- Born: Early 1940s
- Occupations: Film and television director and editor; Television producer;
- Years active: 1960s–present
- Employers: AP Films; Clearwater Films;
- Organizations: Lane Fabian Jones; Will Vinton Studios; Pineapple Squared Entertainment;
- Notable credit(s): Thunderbirds Are Go Thunderbird 6
- Television: Thunderbirds

= David Lane (director) =

British television and film director

David Lane (born early 1940s) is a British television and film director, known for his association with the productions of Gerry and Sylvia Anderson's AP Films.

Originally a TV editor, Lane directed several episodes of Thunderbirds, including "Attack of the Alligators!", followed by the feature film sequels Thunderbirds Are Go (1966) and Thunderbird 6 (1968). He was producer for the later Anderson series Joe 90 and The Secret Service, an episode director for UFO, a technical director for Space: 1999 and an episode director for New Captain Scarlet.

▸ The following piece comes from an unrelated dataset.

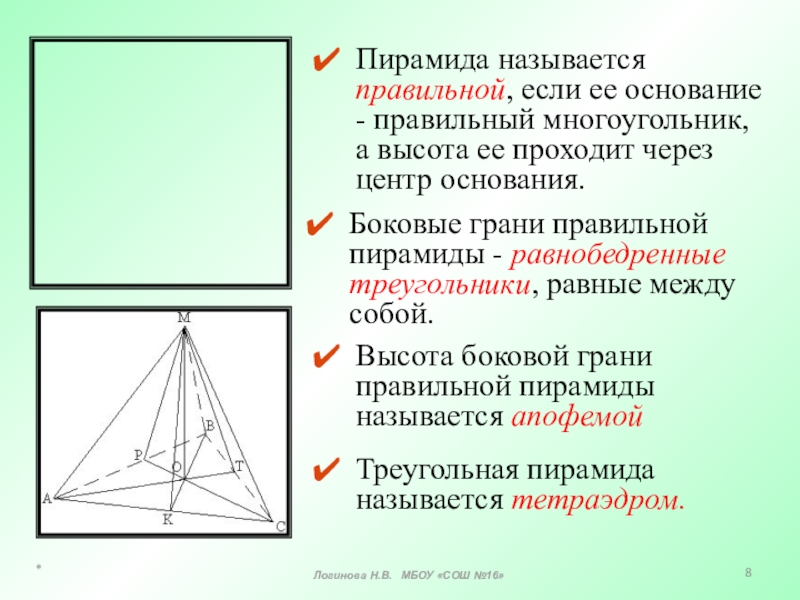 4. Все боковые грани правильной пирамиды равные равнобедренные треугольники.

Away from the Anderson productions, Lane was second unit director on 1978's Superman (reuniting him with Anderson effects director Derek Meddings) and the sequels Superman III, Supergirl and Superman IV: The Quest for Peace. His other screen credits include the series Catweazle (as an episode director) and the films Brass Target (as editor), Santa Claus: The Movie (as second unit director) and Muppet Treasure Island (as second unit director).

In the 1970s, Lane, joined Clearwater Films as a commercials director. In 1990, he and his long-term business partner Michèle Fabian-Jones co-founded production company Lane Fabian Jones. He worked for Will Vinton Studios from 1996 to 1998.

In 2006, Lane co-founded Pineapple Squared Entertainment with Fabian-Jones and Thomas the Tank Engine & Friends director David Mitton. He was working with Mitton on a computer-animated adventure series called Adventures on Orsum Island until Mitton's death in 2008, at which point production was discontinued.